ASSIGNED TASK » Your answer should consist only of the lines below from the one with "ErgoFount BWM-09-68T –" through the one with "Features: 1.Simple line", copied exactly.

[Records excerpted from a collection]
══════════

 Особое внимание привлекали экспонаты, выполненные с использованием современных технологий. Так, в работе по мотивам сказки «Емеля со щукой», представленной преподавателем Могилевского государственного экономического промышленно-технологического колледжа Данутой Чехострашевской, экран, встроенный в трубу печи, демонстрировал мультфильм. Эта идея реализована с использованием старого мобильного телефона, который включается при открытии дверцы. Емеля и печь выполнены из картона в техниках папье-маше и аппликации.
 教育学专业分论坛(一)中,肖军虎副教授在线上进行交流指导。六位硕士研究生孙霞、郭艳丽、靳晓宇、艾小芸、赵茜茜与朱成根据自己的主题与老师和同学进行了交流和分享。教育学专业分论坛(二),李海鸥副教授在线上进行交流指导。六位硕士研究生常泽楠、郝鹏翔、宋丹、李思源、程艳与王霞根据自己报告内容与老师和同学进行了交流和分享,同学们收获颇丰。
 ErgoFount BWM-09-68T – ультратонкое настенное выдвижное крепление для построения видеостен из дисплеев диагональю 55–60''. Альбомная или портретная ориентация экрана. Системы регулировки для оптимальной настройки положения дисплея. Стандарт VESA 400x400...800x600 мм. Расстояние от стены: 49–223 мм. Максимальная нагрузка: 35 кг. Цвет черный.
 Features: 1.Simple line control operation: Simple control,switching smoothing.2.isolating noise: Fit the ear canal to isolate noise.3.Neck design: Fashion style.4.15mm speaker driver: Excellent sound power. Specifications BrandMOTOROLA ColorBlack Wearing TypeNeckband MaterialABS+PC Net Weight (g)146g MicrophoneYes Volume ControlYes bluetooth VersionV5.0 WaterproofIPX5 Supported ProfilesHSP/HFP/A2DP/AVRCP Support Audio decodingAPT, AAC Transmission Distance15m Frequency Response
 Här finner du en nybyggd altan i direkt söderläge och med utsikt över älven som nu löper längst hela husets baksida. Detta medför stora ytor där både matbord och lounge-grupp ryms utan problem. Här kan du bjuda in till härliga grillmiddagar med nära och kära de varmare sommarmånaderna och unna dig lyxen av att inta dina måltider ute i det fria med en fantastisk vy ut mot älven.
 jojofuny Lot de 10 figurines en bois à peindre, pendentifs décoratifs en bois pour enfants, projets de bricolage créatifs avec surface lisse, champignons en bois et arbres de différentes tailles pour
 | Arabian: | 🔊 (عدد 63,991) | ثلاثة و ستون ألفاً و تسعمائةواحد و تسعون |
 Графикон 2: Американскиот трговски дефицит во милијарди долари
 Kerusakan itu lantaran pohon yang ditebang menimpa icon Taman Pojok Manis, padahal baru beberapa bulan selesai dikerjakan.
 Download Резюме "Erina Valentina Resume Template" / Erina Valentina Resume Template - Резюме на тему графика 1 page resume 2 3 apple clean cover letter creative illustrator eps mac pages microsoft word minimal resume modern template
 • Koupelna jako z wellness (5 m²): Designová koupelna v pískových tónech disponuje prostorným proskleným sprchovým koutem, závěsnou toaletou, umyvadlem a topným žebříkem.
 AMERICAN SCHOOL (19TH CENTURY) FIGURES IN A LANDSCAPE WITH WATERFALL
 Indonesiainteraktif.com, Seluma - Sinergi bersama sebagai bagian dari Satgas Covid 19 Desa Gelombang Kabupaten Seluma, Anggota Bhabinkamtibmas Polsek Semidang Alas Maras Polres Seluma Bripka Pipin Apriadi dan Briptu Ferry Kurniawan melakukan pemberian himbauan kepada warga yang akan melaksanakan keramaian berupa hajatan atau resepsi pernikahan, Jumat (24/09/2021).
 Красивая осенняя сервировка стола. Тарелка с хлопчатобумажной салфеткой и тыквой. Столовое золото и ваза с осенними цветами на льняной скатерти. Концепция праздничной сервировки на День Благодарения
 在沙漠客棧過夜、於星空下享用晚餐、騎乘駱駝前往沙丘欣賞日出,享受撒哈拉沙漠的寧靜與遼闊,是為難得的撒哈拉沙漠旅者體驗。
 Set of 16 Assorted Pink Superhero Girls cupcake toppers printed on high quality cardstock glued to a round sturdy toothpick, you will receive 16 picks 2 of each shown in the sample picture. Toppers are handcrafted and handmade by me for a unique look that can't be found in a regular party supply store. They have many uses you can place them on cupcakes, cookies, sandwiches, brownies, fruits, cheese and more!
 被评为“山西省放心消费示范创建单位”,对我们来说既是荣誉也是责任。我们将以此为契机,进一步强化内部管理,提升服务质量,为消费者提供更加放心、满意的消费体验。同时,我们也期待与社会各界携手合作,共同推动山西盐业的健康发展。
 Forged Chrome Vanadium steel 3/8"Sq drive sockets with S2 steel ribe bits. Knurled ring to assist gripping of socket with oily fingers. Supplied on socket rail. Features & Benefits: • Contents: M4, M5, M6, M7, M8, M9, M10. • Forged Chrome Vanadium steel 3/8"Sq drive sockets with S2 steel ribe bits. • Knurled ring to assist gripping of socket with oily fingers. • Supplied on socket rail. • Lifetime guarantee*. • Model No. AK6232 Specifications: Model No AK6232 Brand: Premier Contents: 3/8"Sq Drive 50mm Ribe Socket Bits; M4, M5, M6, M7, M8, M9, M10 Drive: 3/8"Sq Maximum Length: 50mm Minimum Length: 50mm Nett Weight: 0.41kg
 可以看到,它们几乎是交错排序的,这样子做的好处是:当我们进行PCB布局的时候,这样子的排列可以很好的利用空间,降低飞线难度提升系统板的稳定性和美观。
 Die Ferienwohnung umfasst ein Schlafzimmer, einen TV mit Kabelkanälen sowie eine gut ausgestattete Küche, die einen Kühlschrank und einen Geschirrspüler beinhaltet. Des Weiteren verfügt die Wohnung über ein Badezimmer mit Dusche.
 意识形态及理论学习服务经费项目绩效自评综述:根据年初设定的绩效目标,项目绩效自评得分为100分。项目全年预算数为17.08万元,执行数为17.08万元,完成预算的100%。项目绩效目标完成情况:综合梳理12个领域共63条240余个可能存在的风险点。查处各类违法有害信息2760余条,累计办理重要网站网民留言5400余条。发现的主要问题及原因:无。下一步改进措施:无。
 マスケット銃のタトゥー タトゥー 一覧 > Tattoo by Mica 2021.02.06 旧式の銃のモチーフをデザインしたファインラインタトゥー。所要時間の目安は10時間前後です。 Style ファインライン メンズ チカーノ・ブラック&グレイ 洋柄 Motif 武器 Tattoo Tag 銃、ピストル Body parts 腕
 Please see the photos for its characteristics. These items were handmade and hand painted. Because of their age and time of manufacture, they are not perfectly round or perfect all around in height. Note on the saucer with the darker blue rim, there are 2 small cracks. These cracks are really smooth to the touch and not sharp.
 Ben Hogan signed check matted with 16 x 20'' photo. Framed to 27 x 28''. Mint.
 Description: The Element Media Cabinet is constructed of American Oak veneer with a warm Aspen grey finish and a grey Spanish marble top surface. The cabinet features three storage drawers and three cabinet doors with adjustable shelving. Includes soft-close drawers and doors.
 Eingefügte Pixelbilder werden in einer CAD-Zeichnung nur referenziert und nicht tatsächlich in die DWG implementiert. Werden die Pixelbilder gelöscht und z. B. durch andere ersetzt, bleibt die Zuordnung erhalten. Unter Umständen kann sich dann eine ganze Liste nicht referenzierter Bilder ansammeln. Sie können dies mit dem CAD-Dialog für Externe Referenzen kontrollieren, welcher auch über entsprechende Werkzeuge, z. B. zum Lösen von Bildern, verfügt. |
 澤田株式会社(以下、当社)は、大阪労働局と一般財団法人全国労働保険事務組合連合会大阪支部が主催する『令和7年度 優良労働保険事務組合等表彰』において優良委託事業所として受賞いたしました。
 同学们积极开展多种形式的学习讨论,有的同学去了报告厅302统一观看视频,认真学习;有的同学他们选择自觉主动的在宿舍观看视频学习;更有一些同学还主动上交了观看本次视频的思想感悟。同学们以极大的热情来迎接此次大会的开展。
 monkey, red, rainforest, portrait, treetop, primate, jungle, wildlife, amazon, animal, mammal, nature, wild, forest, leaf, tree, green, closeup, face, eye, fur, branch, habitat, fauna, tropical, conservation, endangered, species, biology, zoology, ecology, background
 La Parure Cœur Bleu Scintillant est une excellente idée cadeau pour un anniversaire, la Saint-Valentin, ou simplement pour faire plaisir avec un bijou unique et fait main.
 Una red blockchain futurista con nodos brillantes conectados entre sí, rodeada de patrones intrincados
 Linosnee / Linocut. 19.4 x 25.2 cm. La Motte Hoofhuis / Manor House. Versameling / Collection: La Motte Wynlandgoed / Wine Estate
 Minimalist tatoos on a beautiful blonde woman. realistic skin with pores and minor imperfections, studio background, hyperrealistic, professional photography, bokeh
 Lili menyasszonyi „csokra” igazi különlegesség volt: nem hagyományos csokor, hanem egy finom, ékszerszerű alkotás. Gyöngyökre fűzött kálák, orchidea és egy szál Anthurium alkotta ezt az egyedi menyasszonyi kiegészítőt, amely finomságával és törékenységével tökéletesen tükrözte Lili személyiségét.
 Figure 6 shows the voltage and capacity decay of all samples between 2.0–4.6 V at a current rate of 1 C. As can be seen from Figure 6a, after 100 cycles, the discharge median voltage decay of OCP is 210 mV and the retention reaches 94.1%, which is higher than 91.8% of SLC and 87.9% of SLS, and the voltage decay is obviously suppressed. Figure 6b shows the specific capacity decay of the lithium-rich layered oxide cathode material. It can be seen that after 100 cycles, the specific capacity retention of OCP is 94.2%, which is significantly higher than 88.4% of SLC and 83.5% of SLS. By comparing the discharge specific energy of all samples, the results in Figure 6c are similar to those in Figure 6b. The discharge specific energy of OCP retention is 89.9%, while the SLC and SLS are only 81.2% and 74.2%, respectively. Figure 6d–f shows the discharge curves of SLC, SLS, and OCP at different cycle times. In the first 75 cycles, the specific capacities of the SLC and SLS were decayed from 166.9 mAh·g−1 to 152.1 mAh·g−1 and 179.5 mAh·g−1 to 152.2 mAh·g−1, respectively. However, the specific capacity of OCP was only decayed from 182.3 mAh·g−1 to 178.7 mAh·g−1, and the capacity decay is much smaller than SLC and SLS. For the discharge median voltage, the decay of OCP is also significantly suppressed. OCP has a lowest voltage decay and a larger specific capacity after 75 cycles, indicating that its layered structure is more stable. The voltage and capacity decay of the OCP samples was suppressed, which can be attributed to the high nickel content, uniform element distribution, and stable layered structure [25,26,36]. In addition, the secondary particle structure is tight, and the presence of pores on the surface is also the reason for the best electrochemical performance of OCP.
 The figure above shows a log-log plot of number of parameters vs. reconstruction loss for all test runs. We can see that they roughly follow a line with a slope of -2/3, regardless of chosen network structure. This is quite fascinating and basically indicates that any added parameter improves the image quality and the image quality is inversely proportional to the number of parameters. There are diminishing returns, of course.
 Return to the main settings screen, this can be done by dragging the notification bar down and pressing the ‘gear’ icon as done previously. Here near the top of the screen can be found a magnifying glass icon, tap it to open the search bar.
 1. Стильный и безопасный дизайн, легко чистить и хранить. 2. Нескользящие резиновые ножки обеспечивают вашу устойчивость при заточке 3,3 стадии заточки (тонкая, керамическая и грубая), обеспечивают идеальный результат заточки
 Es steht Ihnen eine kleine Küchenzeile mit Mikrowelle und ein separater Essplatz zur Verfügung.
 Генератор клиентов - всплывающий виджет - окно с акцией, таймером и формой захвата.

══════════

RESPONSE BELOW »
 ErgoFount BWM-09-68T – ультратонкое настенное выдвижное крепление для построения видеостен из дисплеев диагональю 55–60''. Альбомная или портретная ориентация экрана. Системы регулировки для оптимальной настройки положения дисплея. Стандарт VESA 400x400...800x600 мм. Расстояние от стены: 49–223 мм. Максимальная нагрузка: 35 кг. Цвет черный.
 Features: 1.Simple line control operation: Simple control,switching smoothing.2.isolating noise: Fit the ear canal to isolate noise.3.Neck design: Fashion style.4.15mm speaker driver: Excellent sound power. Specifications BrandMOTOROLA ColorBlack Wearing TypeNeckband MaterialABS+PC Net Weight (g)146g MicrophoneYes Volume ControlYes bluetooth VersionV5.0 WaterproofIPX5 Supported ProfilesHSP/HFP/A2DP/AVRCP Support Audio decodingAPT, AAC Transmission Distance15m Frequency Response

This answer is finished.